**What the exercise asks**
Would you repeat the whole listing exactly, pictures excluded?

**Data provided**

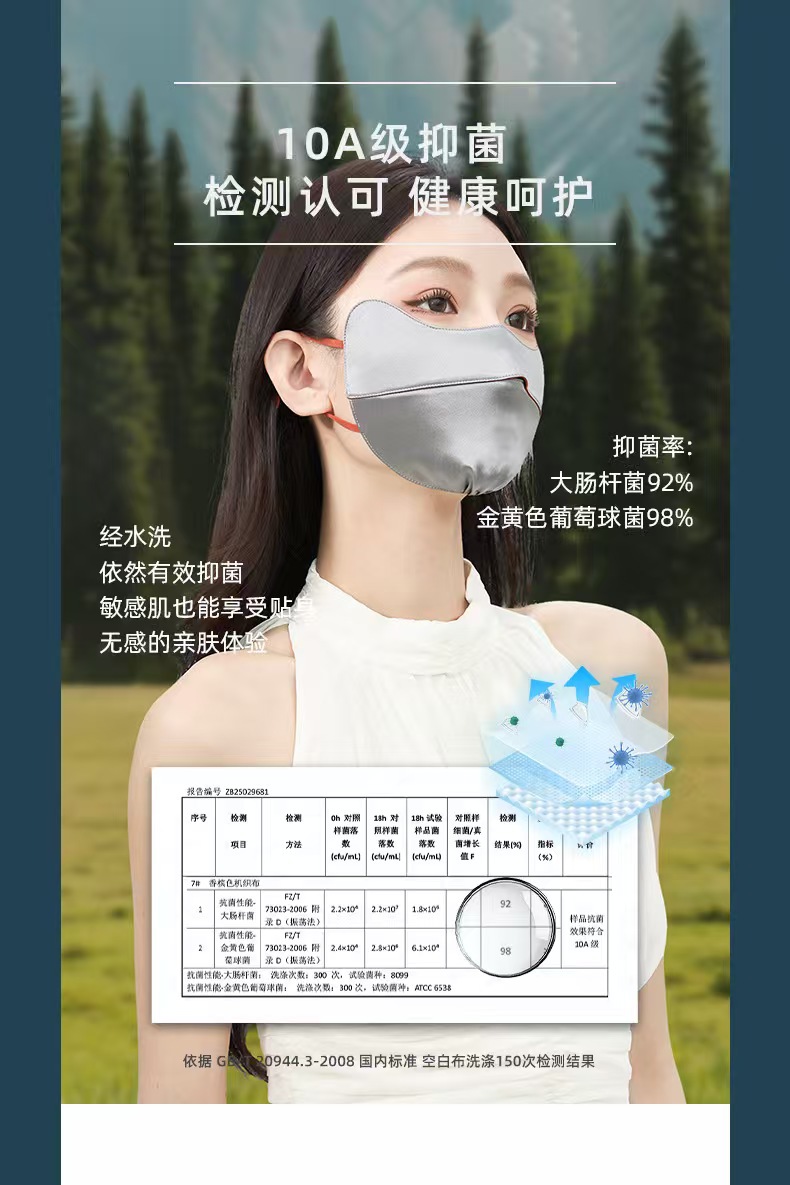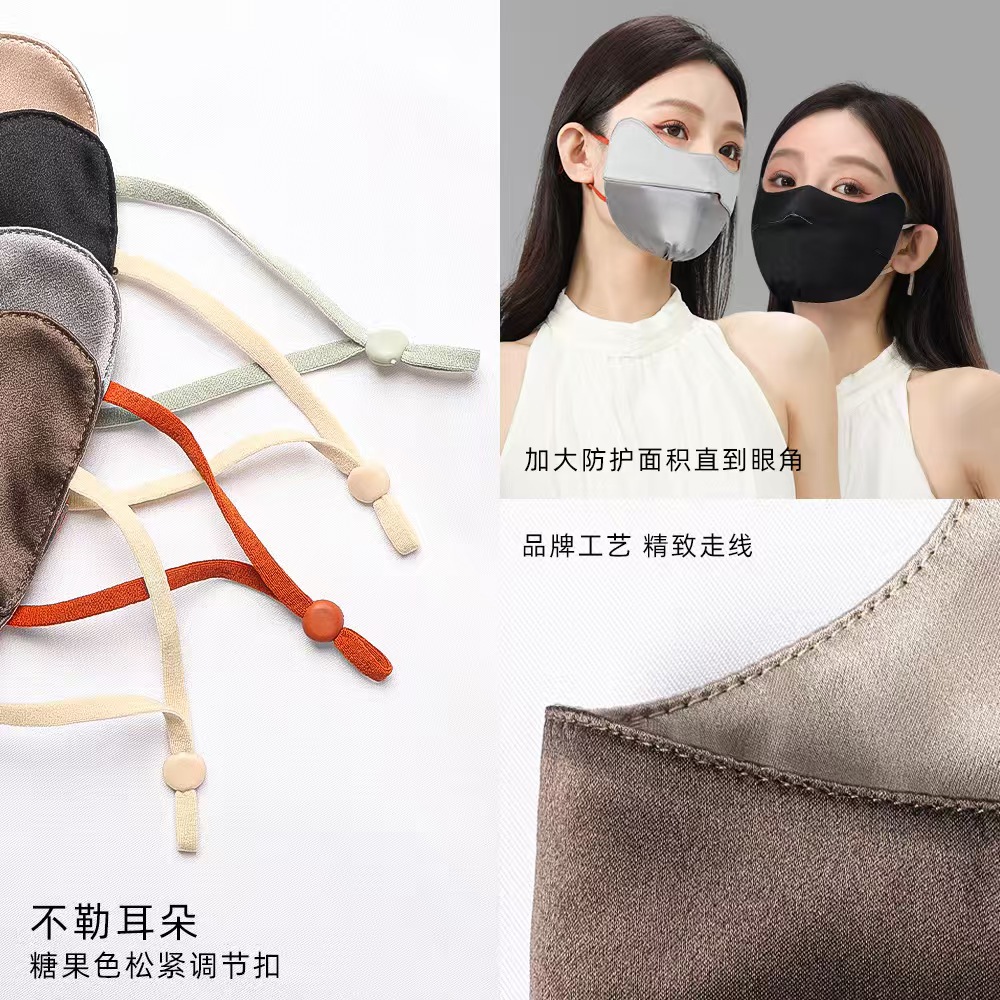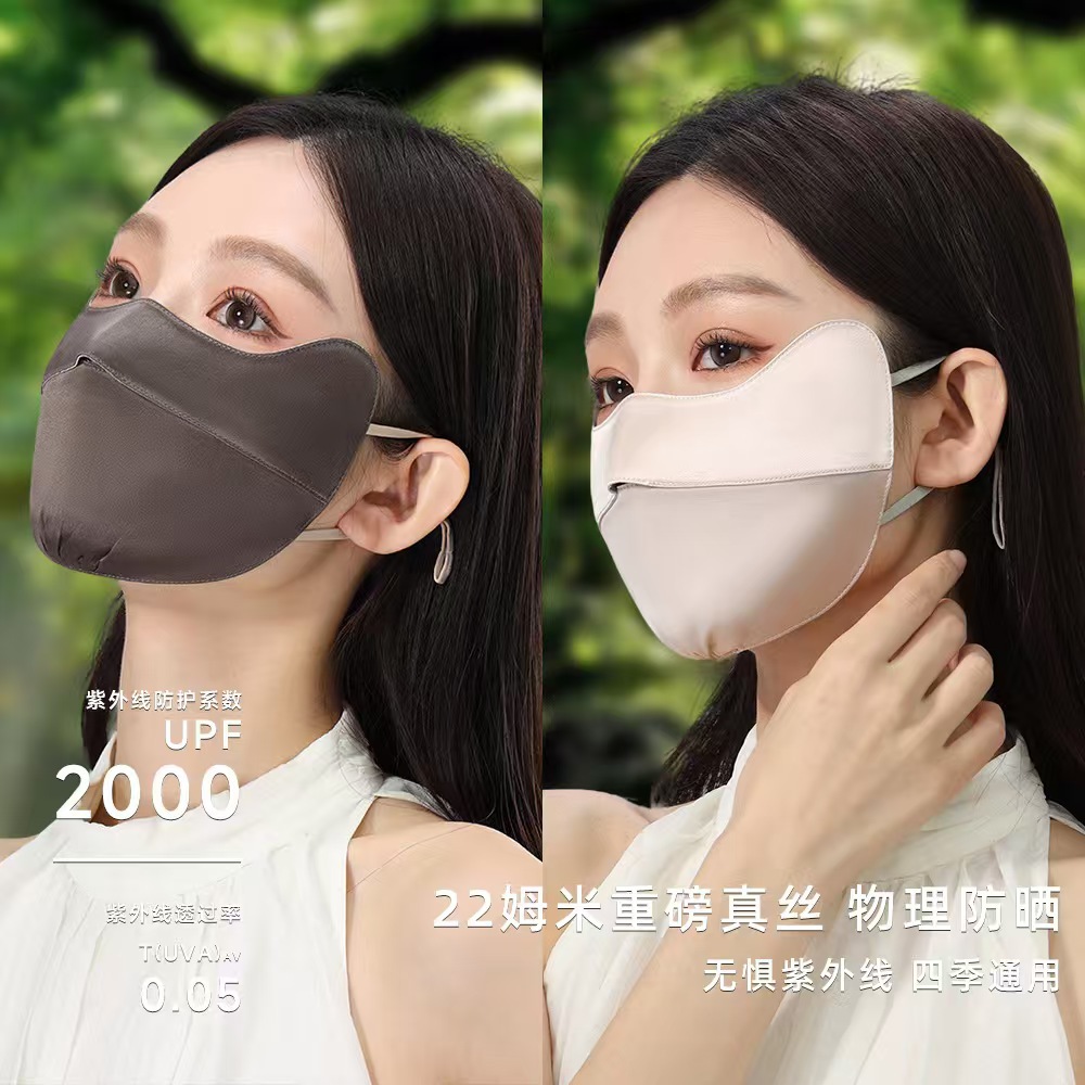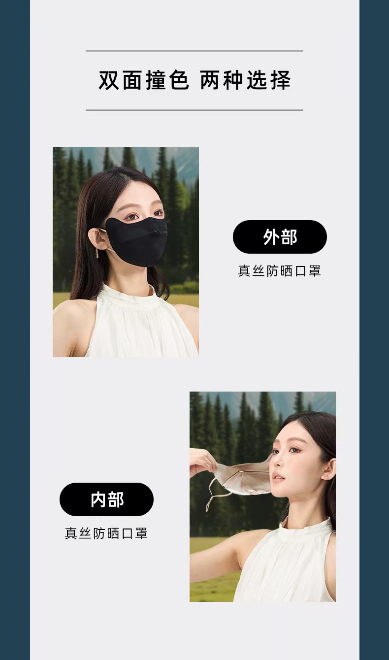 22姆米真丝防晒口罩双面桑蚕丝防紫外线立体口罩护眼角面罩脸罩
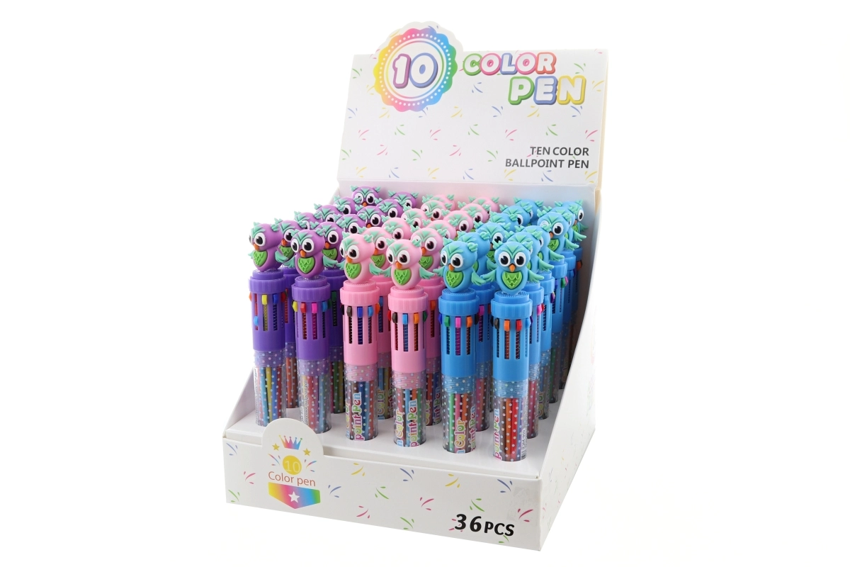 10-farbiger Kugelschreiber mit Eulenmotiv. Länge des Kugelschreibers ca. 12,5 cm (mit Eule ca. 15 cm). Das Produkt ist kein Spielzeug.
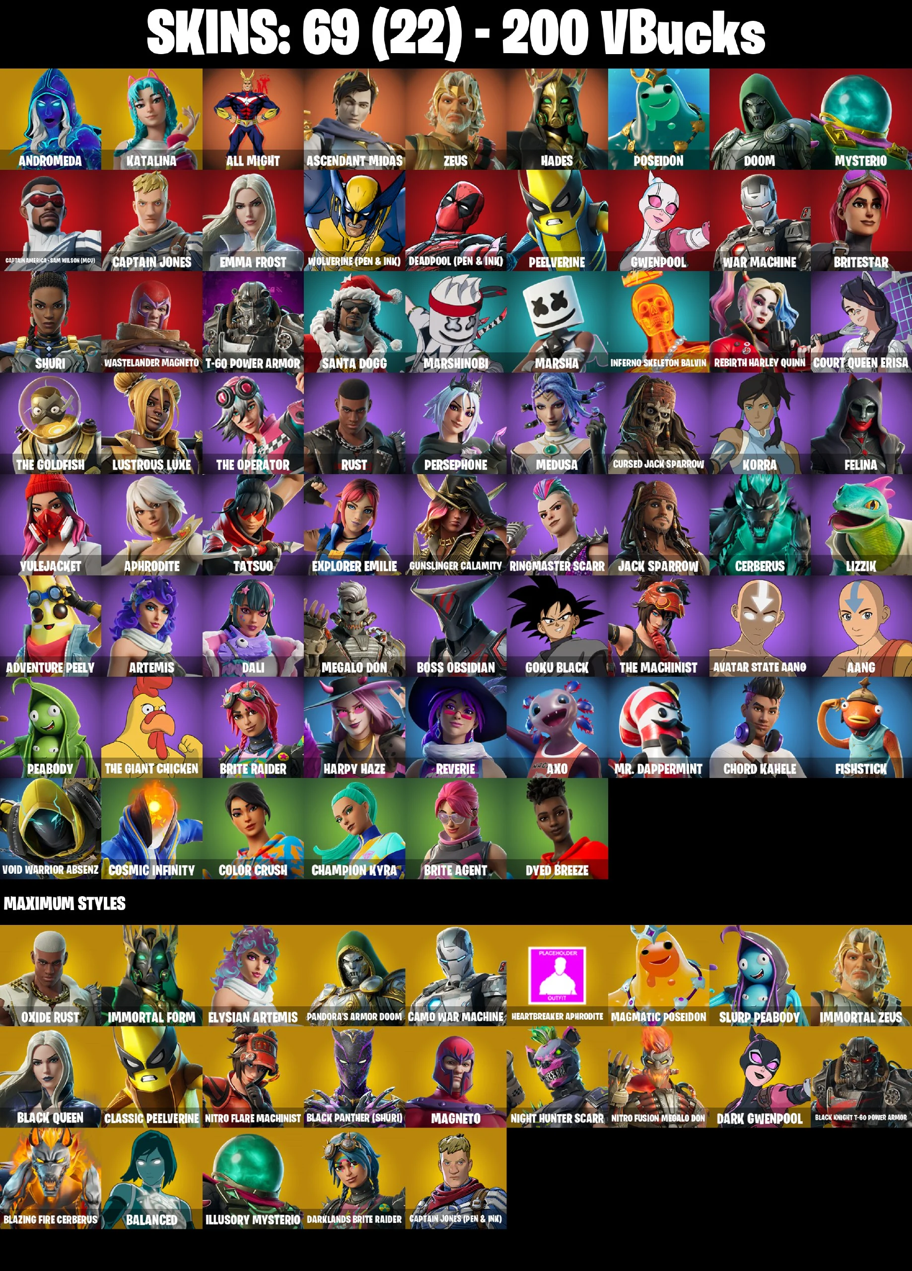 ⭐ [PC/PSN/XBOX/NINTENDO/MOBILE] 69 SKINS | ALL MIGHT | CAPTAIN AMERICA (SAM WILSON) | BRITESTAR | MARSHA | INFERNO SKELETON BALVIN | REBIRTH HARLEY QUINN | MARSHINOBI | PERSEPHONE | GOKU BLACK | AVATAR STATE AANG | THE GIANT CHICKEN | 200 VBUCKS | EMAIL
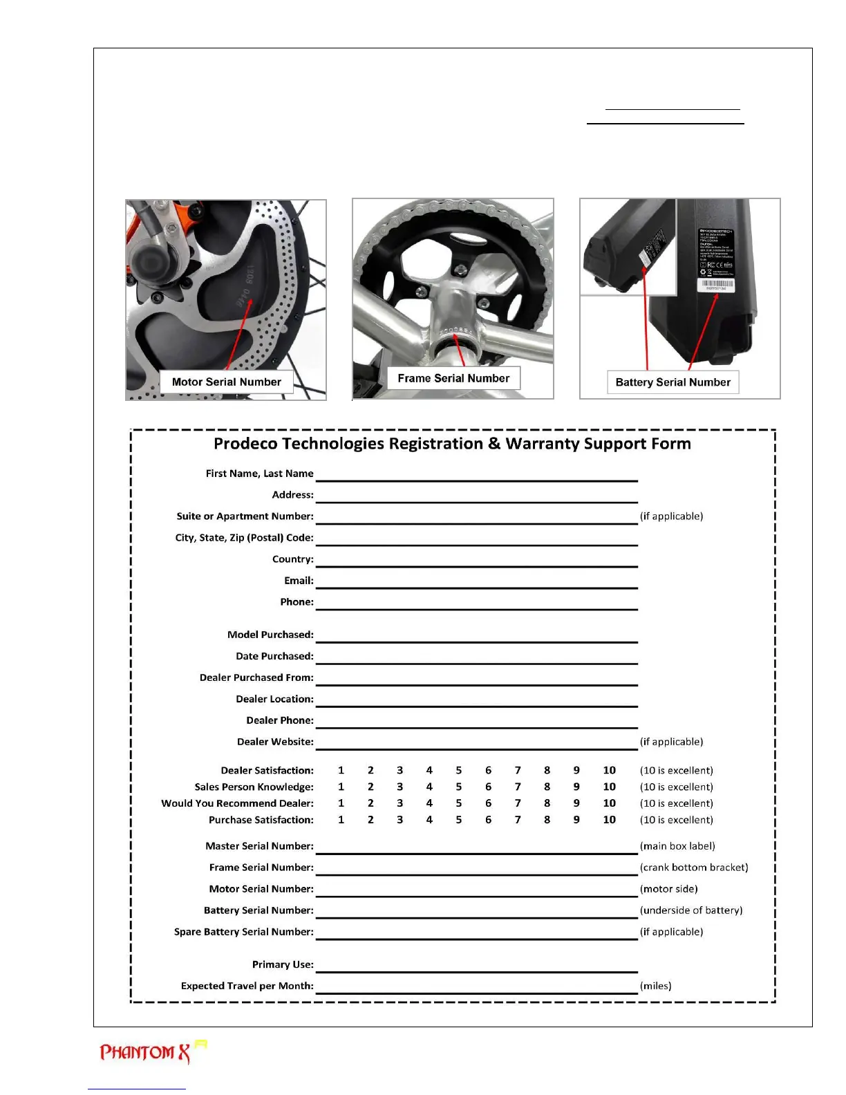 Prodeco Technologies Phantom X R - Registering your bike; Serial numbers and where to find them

**Reply to the task**
 22姆米真丝防晒口罩双面桑蚕丝防紫外线立体口罩护眼角面罩脸罩
 10-farbiger Kugelschreiber mit Eulenmotiv. Länge des Kugelschreibers ca. 12,5 cm (mit Eule ca. 15 cm). Das Produkt ist kein Spielzeug.
 ⭐ [PC/PSN/XBOX/NINTENDO/MOBILE] 69 SKINS | ALL MIGHT | CAPTAIN AMERICA (SAM WILSON) | BRITESTAR | MARSHA | INFERNO SKELETON BALVIN | REBIRTH HARLEY QUINN | MARSHINOBI | PERSEPHONE | GOKU BLACK | AVATAR STATE AANG | THE GIANT CHICKEN | 200 VBUCKS | EMAIL
 Prodeco Technologies Phantom X R - Registering your bike; Serial numbers and where to find them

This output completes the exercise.